By Pam Martens and Russ Martens: October 23, 2017
Over the past month, with little media attention, both Citigroup and Merrill Lynch have received fines from regulatory bodies for failure to properly report their trading in derivatives – an opaque trading arena that played a significant role in bringing down both firms during the financial crisis. As reported by the Government Accountability Office (GAO) in 2011, Citigroup received $2.5 trillion in cumulative, secret low cost loans from the Federal Reserve during the 2007-2010 financial crisis while Merrill received $1.9 trillion. These loans, many at almost zero interest rates, were made without the authorization or awareness of Congress. (See GAO chart below.) The loans to the two firms were on top of the publicly disclosed and Congress-approved TARP bailout funds.

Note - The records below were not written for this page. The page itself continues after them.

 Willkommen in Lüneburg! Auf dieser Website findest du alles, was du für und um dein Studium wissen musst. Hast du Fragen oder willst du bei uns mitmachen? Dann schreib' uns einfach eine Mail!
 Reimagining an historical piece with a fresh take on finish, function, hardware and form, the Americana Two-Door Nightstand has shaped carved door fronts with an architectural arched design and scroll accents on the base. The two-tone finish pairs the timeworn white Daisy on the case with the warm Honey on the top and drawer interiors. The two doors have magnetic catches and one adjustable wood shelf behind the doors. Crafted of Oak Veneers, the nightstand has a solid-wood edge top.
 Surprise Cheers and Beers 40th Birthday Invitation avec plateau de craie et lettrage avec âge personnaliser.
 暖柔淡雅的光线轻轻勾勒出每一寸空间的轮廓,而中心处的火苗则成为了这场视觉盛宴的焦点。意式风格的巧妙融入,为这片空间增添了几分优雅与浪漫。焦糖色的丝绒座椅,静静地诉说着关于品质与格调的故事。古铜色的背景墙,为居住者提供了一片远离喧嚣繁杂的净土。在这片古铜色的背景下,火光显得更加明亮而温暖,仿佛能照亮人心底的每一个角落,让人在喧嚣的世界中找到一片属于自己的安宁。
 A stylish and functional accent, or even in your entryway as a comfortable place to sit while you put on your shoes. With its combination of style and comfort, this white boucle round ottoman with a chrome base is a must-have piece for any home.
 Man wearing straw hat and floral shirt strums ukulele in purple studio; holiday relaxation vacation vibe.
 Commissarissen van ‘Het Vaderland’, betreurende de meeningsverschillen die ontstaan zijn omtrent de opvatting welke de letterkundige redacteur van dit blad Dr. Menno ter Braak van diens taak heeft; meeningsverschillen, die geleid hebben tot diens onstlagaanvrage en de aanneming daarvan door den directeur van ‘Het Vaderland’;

Significant portions of the money loaned to Citigroup and Merrill Lynch were authorized by the Federal Reserve to be funneled to the broker-dealer subsidiaries of the firms in London – where it found its way into pursuits that remain undisclosed to this day. The GAO noted in its report:
“…without more complete documentation, how assistance to these broker-dealer subsidiaries satisfied the statutory requirements for using this authority remains unclear. Moreover, without more complete public disclosure of the basis for these actions, these decisions may not be subject to an appropriate level of transparency and accountability.”
Derivative losses in the tens of billions of dollars were a major contributor to the financial crisis of 2007-2010. Wall Street banks had used the same counterparty for many of their derivative trades, firms like AIG and Lehman Brothers, who lacked the money to make good on the trades. AIG received a $185 billion bailout from the taxpayer with about half of that money going to pay Wall Street banks for their derivative trades and other exposure to the banks. Lehman filed bankruptcy, leading to panic and contagion on Wall Street.
Because of the central role that derivatives played in the Wall Street crisis, which led to the worst U.S. economic downturn since the Great Depression, the Dodd-Frank financial reform legislation that was passed in 2010 was supposed to prevent insured depository banks from holding dangerous levels of derivatives. Known as the “push out rule,” where derivatives would be pushed out of the insured banks, before that rule ever had a chance to take effect, Citigroup engineered its repeal.
On September 25, the Commodity Futures Trading Commission (CFTC) fined Citigroup $550,000 for failing to properly report derivative trades. One of the violations was defined as follows: “…Citi violated its reporting obligations by reporting ‘Name Withheld’ as the counterparty identifier for tens of thousands of swaps with counterparties in certain foreign jurisdictions.”
Today, for the second time in two years, the Financial Conduct Authority in the U.K. has fined Merrill Lynch (which was taken over by Bank of America during the financial crisis in 2008) for failure to properly report its derivative trades. Today’s action resulted in a fine of £34,524,000 over Merrill’s failure “to report 68.5 million exchange traded derivative transactions between 12 February 2014 and 6 February 2016.”
One of the most dangerous risks facing U.S. citizens is that they will succumb to Wall Street corruption-fatigue and allow these mega banks to plot their next plunder behind a dark curtain. Clearly, U.S. corporate media has already succumbed.